Kind of idiotic, since they were the ones getting them hooked on it in the first place. It was a perpetual cycle.

But Katri would be damned if she ever found herself doing that.

Still...she wasn't sure if the affects of it were real, or imagined. They said that gliterstim stretched the ability of the mind, allowing the person taking it to have a brief spike of telepathy in the heightened mental state that it brought. Sometimes, Katri thought that she could hear what the people around her were thinking. Most of the time it was annoying. Her arms ached enough without having to listen to how everyone else's hurt too. But other times, she thought she'd hear other things...whispers in the dark, secrets, plans...

"...Just drive it into her stomach, watch her die. That'll teach her..."

She glanced nervously over her shoulder at the man who's thought it had been. It hadn't been aimed at her, but at the woman beside him.

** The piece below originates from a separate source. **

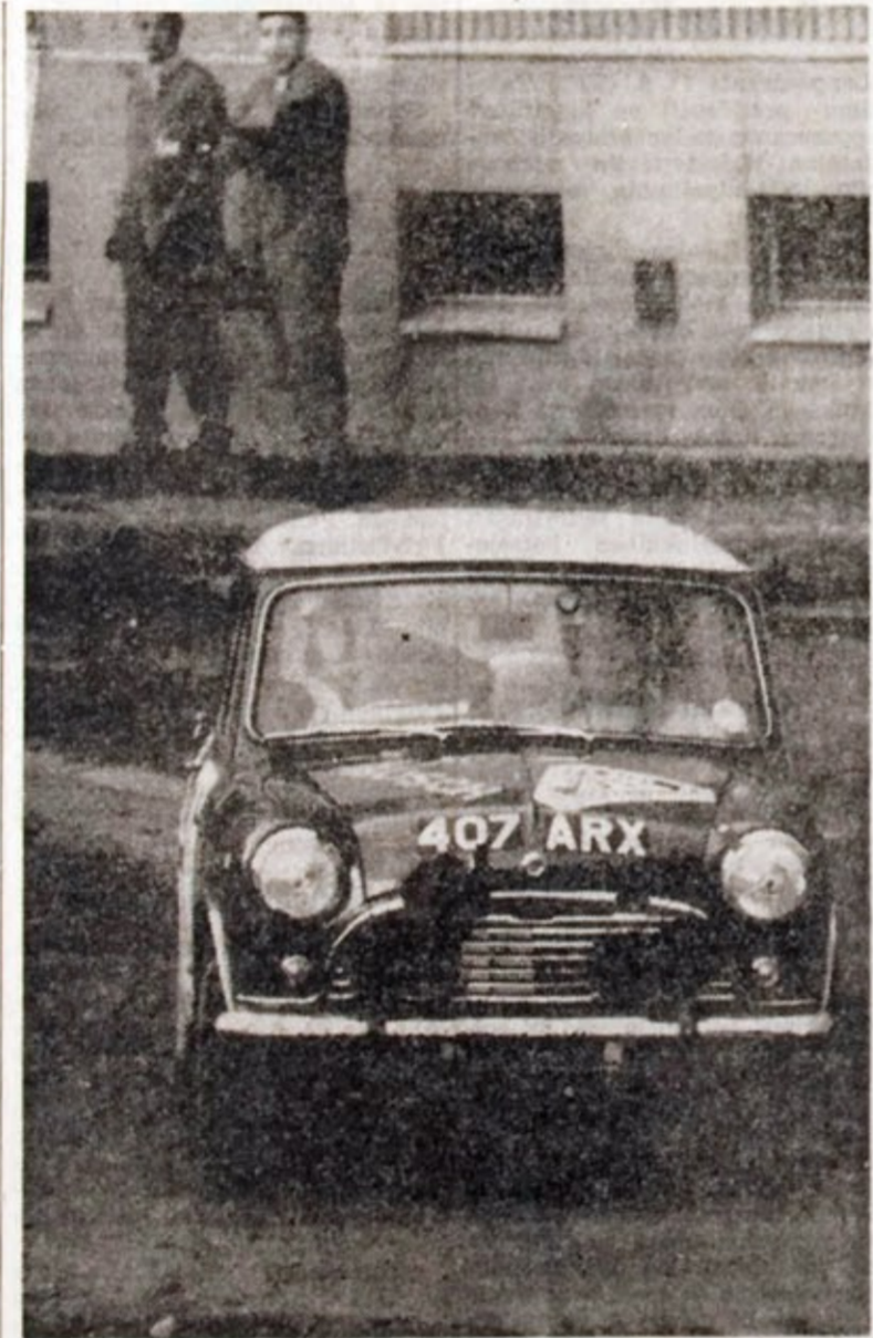
Viime vuoden voittaja Rauno Aaltonen tyylinäyte Oikokadun kulmassa. — Rauno ajoi Harjulla erään parhaista ajoista je sopii vain toivoa, että samanlainen tehti hieman parannettuna jatkuisi.

Maybe it was paranoia, but sometimes she swore these thoughts came true. She remembered one particular time where everyone had gone to their morning meal--err, gruel fest, to find that someone had been impaled over the serving counter. She still didn't know how some people were able to eat that day.

Katri hefted her bucket, carrying it over towards the big collection bin. Of course, her new 'friend' Mr. Chase had picked up his to follow. Would he never get off her heels? She sighed, then stopped when she thought she heard something that wasn't him trying to start up a conversation again. Hadn't she? She looked around in the dark for the source of the strange noise. "Shh. Did you hear that?"

"Hear what?" Ryen asked after a moment, looking around.

Something passed one of the red diodes they used for light. Something big. Or at least, that's what she thought she saw.

"There's something in here with us." She said, looking to him. "It has to be a--"

The sound of a blood-curdling scream cut her off, then quickly dissipated into a large plopping sound that made her stomach turn. She had seen something before, and now that it wasn't eclipsed by the light, or the collection bin she could see it clearly. She wished she couldn't. The sight of the large spider impaling one of the workers with it's large poisonous stinger only served to put fear into her. Fear that it was coming towards them next.